Haemophilia is a genetic disorder caused by a mutation in the genes that code for blood clotting factors.

Haemophilia is a sex-linked recessive disorder, which means it is carried on the X chromosome. The genes responsible for producing blood clotting factors VIII and IX are located on the X chromosome. In individuals with haemophilia, these genes have mutations that result in the production of insufficient or defective clotting factors, leading to the symptoms of the disorder.

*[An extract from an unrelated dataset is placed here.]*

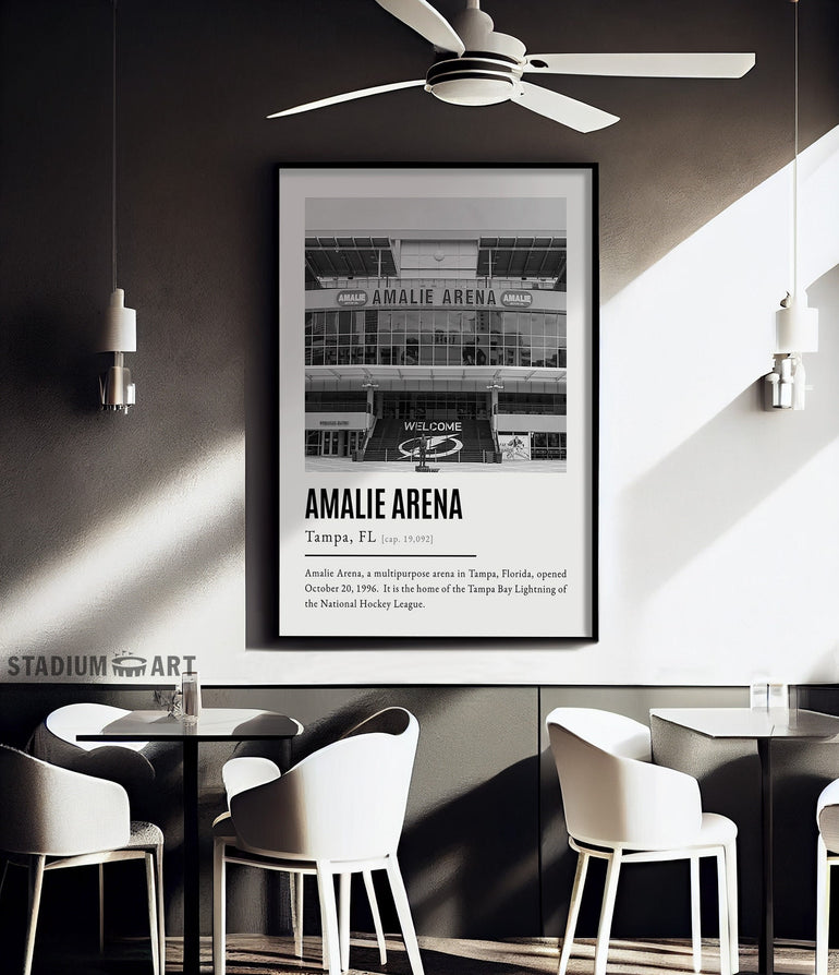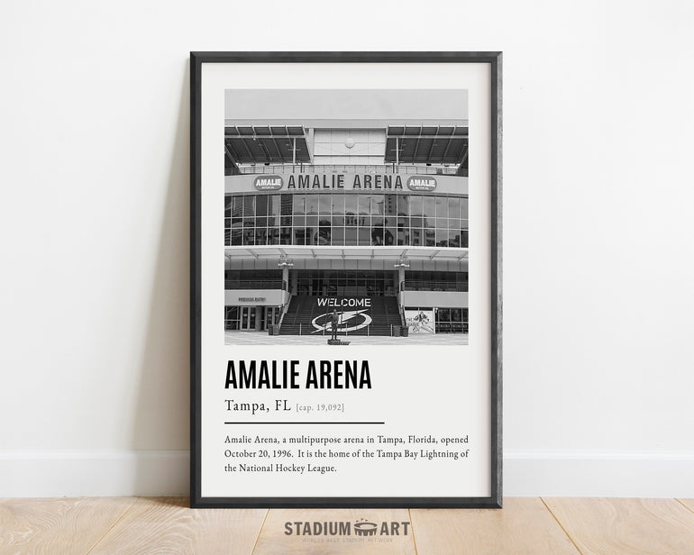 Amalie Arena Print, Tampa Bay Lightning Poster/Canvas, Exterior Front View, B&W Modern Art, Hockey Wall Art Home Decor, Game Day Keepsake

In males, who have only one X chromosome, inheriting the mutated gene from their mother will result in haemophilia. This is because they do not have a second X chromosome to provide a normal copy of the gene. Females, on the other hand, have two X chromosomes. If they inherit the mutated gene from one parent, they will typically be carriers of the disorder but will not show symptoms, as the normal gene on their other X chromosome can compensate. However, if a female inherits the mutated gene from both parents, she will also have haemophilia.

The specific type of haemophilia a person has depends on which clotting factor is affected. Haemophilia A, the most common type, is caused by a deficiency in factor VIII. Haemophilia B, also known as Christmas disease, is caused by a deficiency in factor IX. Both types are clinically identical and are characterised by prolonged bleeding.

The mutation in the gene can occur spontaneously, or it can be inherited from a parent. Genetic testing can identify carriers of the gene and can also diagnose haemophilia in unborn babies. There is currently no cure for haemophilia, but it can be managed with regular injections of the missing clotting factor.